- Born: Khadem al-Qubaisi September 27, 1971 (age 54) Abu Dhabi, United Arab Emirates
- Education: United Arab Emirates University
- Occupation: Former Head of the International Petroleum Investment Company

= Khadem al-Qubaisi =

Emirati businessman

Khadem Abdullah al-Qubaisi (خادم عبد الله القبيسي; born September 27, 1971) is an Emirati businessman and the former managing director of the International Petroleum Investment Company (IPIC). In 2015, he was replaced as managing director of IPIC and later investigated in a series of probes into misappropriated funds in connection with 1Malaysia Development Berhad. He was arrested in the United Arab Emirates in 2016 as part of investigations into the 1Malaysia Development Berhad scandal. In 2019, he was sentenced to 15 years in prison for corruption and money laundering.

==Life and education==
Qubaisi was born in Abu Dhabi, United Arab Emirates in 1971. He graduated from the University of the United Arab Emirates with a bachelor's degree in economics in 1993. He is married, and has four children.

== Career ==
In 1993, after graduating from university, Qubaisi joined the Abu Dhabi Investment Authority (ADIA), where he went on to become a senior financial analyst in the North American Equities Department. In 2000, he became an investment manager at International Petroleum Investment Company. In May 2007, he became managing director, and in 2011, he took the additional position as chairman of IPIC's subsidiary, Compañía Española de Petróleos. He was chairman of many other companies including NOVA Chemicals, Arabtec, Borealis AG and OMV (in both of which IPIC owns a controlling interest), Aabar Investments (an IPIC subsidiary), Falcon Private Bank, Abu Dhabi National Takaful Company, and Hakkasan Group. He was the director of Tasameem Real Estate Co. LLC, the investment company of Sheikh Mansour bin Zayed Al Nahyan, who is a deputy prime minister of the United Arab Emirates and chairman of IPIC. Qubaisi also served on the board of Bahrain's First Energy Bank.

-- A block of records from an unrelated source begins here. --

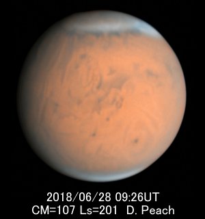 火星火星は最接近を過ぎました。 大接近らしく大きな視直径の火星を見るのは久しぶりのことでした。 しかし、天文ファンの期待をよそに大規模なダストストームが発生し、一般の人が注目するころには眼視で見ると、火星は赤く模様のない球になってしまいました。
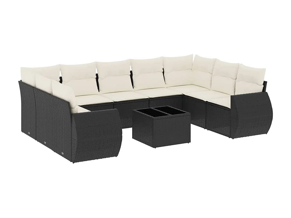 Móveis de jardim 10 unidades com almofadas de resina tecida preta
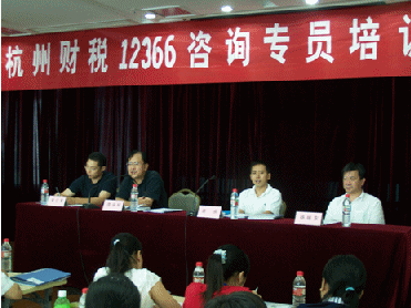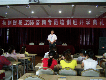圖為杭州財(cái)稅12366咨詢(xún)專(zhuān)員培訓(xùn)班開(kāi)學(xué)典禮上杭州財(cái)稅局人事處領(lǐng)導(dǎo)講話
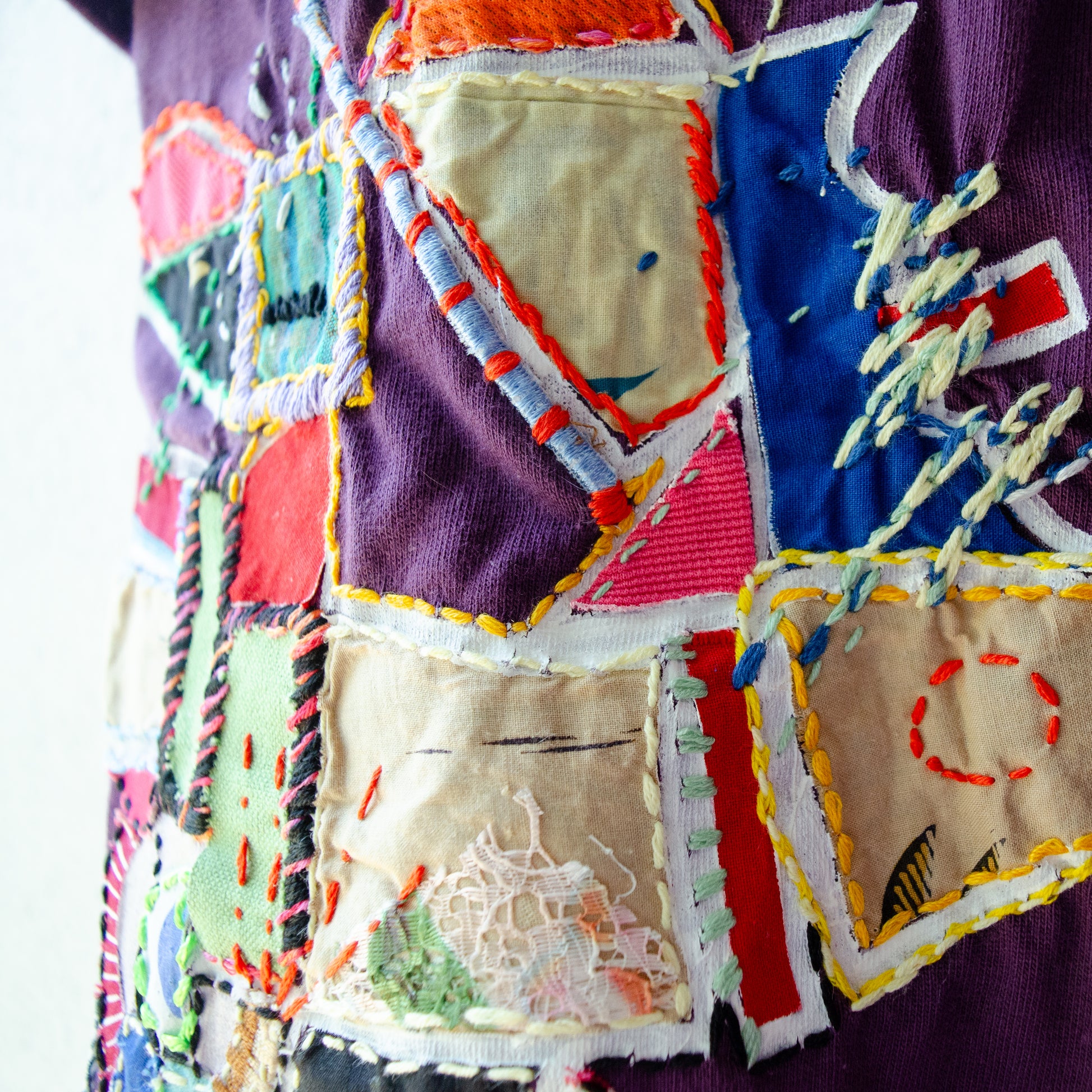 全体に大胆な刺繍がされており、異素材が型破りに組み合わされている。別名"beT(ベットT)"と名付けたこのシリーズは、「bet=賭ける」とTシャツをかけた造語である。どなたかに購入されるまで手を加え続け、価値が上乗せされていく商品であることを意味している。

During his time at IPIC, Qubaisi was involved in several major deals, including the 2008 bailout of Barclays.

In April 2015, Qubaisi was removed from his role as managing director of the International Petroleum Investment Company. He resigned from or was replaced in his other positions in the following months.

==Controversy==

Qubaisi was replaced as managing director of the International Petroleum Investment Company in April 2015. Following his dismissal from IPIC, he resigned or was replaced from most of his corporate roles in companies controlled by IPIC. In September of that year, a Malaysian investigative website Sarawak Report linked his dismissal to corruption allegations stemming from transactions IPIC undertook with 1Malaysia Development Berhad (1MDB), a strategic development company that became the subject of controversy when Malaysia's prime minister was accused of using it to siphon money into his personal bank accounts. In 2015, IPIC had given 1MDB $1 billion, and taken on $3.5 billion of their debt in return for some of 1MDB's assets.
In April 2016, Reuters reported that the United Arab Emirates central bank had ordered banks in the UAE to freeze and provide transaction information on bank accounts belonging to Qubaisi or Mohamed al-Husseiny, another IPIC senior official. Officials investigating misappropriated funds in connection with 1MDB said that a total of $2.4 billion that was intended to be transferred from 1MDB to Aabar Investments was instead sent to a different company, established in the British Virgin Islands by Qubaisi and al-Husseiny, called Aabar Investments PJS Ltd.

On 20 July 2016, United States federal prosecutors filed a lawsuit to seize over $1 billion in assets believed to have been stolen from 1MDB. Qubaisi was named in these lawsuits, along with al-Husseiny and several others, which added that the funds were used to purchase these assets as well as "fund the co-conspirators' lavish lifestyles." This lawsuit is noted to be the largest forfeiture complaint filed in United States history.

In 2019, The Wall Street Journal reported that Qubaisi was being forced by the Emirati authorities to give away his assets to Sheikh Mansour bin Zayed Al Nahyan's privately owned company. Post his arrest, in an interview, Qubaisi said he was being blamed as a “scapegoat” by Sheikh Mansour. “I did this deal but I did it on behalf of the government of Abu Dhabi. They are putting everything on my back,” said Qubaisi.